**Problem details**
Only the lines of the listing below that run from the line with "This paper investigates" through the line with "Sprzedam ławę rogowa" are to be set down, word for word. Pictures stay out.

**Exercise material**
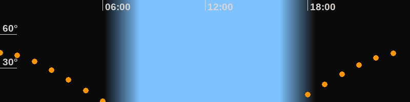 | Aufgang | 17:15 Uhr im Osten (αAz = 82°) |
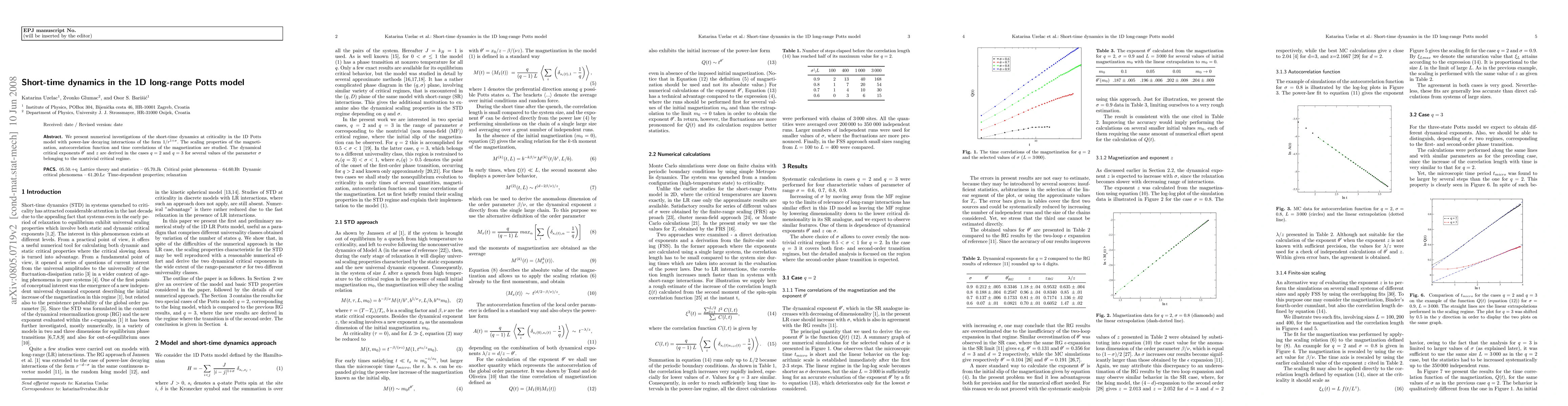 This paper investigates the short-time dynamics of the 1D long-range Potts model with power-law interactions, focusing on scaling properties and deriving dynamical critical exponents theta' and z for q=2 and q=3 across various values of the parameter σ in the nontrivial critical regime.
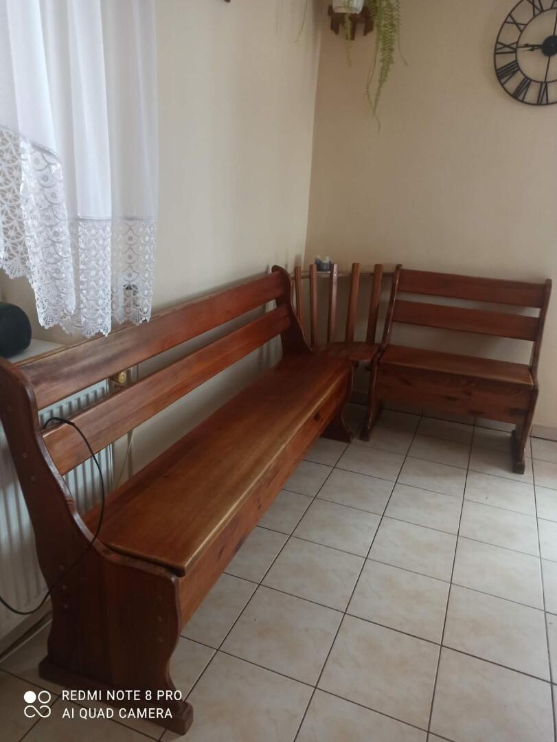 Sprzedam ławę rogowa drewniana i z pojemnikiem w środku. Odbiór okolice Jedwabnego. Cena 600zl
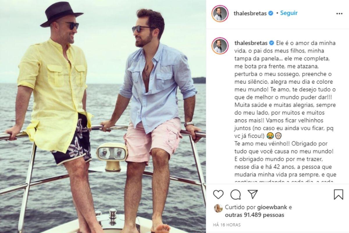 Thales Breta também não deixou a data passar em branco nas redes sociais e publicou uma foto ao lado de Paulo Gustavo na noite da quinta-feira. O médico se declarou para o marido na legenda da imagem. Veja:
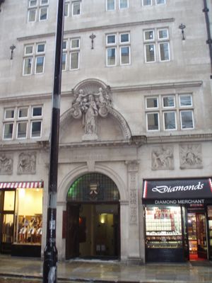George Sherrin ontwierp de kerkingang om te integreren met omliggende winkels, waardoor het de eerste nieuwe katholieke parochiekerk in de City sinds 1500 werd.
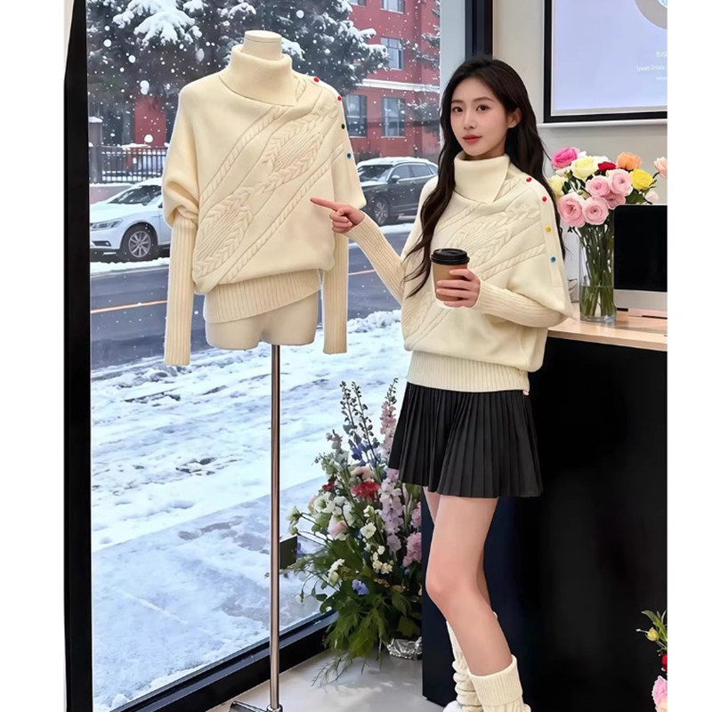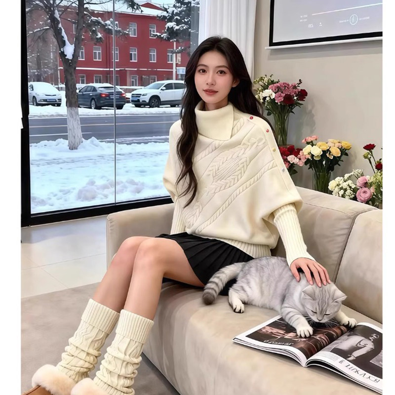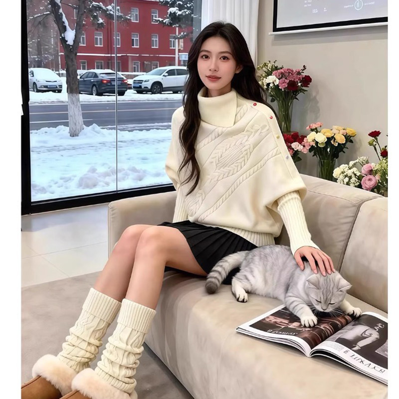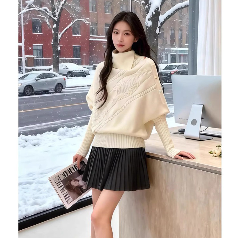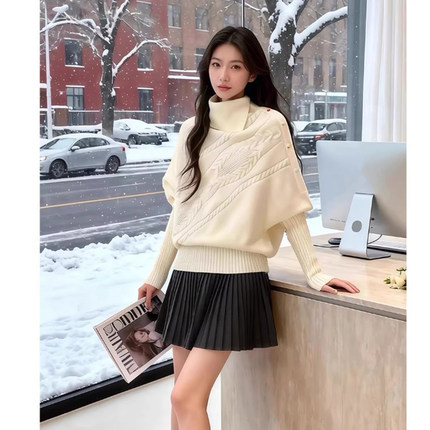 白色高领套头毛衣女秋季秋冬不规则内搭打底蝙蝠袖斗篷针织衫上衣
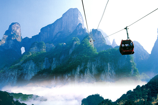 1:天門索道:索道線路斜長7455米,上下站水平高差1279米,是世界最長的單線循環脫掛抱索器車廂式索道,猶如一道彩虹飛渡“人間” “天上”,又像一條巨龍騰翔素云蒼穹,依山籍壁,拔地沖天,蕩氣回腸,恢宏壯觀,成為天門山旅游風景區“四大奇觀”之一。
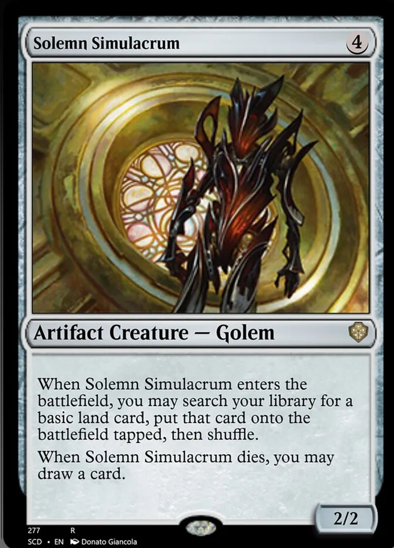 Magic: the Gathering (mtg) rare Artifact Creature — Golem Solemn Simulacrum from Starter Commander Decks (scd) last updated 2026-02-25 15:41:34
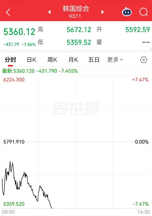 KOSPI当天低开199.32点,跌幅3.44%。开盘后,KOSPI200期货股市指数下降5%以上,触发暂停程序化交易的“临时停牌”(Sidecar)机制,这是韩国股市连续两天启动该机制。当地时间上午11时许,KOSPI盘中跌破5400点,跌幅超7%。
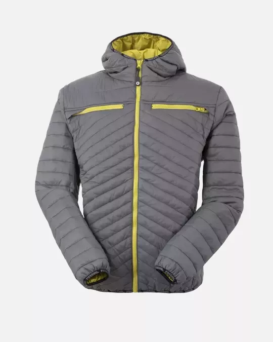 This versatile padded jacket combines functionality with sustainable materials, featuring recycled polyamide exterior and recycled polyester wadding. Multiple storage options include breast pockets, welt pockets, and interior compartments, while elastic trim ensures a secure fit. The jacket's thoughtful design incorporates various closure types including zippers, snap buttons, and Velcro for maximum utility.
--
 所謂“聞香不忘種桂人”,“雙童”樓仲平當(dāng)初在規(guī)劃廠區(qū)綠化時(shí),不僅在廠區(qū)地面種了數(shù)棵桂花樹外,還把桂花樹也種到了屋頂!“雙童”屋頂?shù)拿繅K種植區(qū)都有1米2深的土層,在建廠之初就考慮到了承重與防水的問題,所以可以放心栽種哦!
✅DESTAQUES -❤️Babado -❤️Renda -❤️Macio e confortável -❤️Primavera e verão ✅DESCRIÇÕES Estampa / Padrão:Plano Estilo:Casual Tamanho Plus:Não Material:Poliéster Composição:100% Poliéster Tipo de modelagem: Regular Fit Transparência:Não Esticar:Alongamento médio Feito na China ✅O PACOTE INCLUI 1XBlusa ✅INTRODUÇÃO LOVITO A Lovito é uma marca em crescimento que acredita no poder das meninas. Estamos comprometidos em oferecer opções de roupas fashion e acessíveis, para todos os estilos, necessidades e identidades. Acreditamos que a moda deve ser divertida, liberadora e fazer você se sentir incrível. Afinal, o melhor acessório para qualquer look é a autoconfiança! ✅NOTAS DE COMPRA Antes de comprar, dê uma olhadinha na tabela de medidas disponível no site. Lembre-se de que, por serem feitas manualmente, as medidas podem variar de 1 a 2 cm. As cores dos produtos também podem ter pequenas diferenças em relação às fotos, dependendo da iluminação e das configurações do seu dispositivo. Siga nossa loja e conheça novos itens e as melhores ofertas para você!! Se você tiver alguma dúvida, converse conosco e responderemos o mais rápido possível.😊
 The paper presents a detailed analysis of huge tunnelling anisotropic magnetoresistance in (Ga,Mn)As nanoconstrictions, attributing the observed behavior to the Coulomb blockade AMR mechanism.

**Answer space**
 This paper investigates the short-time dynamics of the 1D long-range Potts model with power-law interactions, focusing on scaling properties and deriving dynamical critical exponents theta' and z for q=2 and q=3 across various values of the parameter σ in the nontrivial critical regime.
 Sprzedam ławę rogowa drewniana i z pojemnikiem w środku. Odbiór okolice Jedwabnego. Cena 600zl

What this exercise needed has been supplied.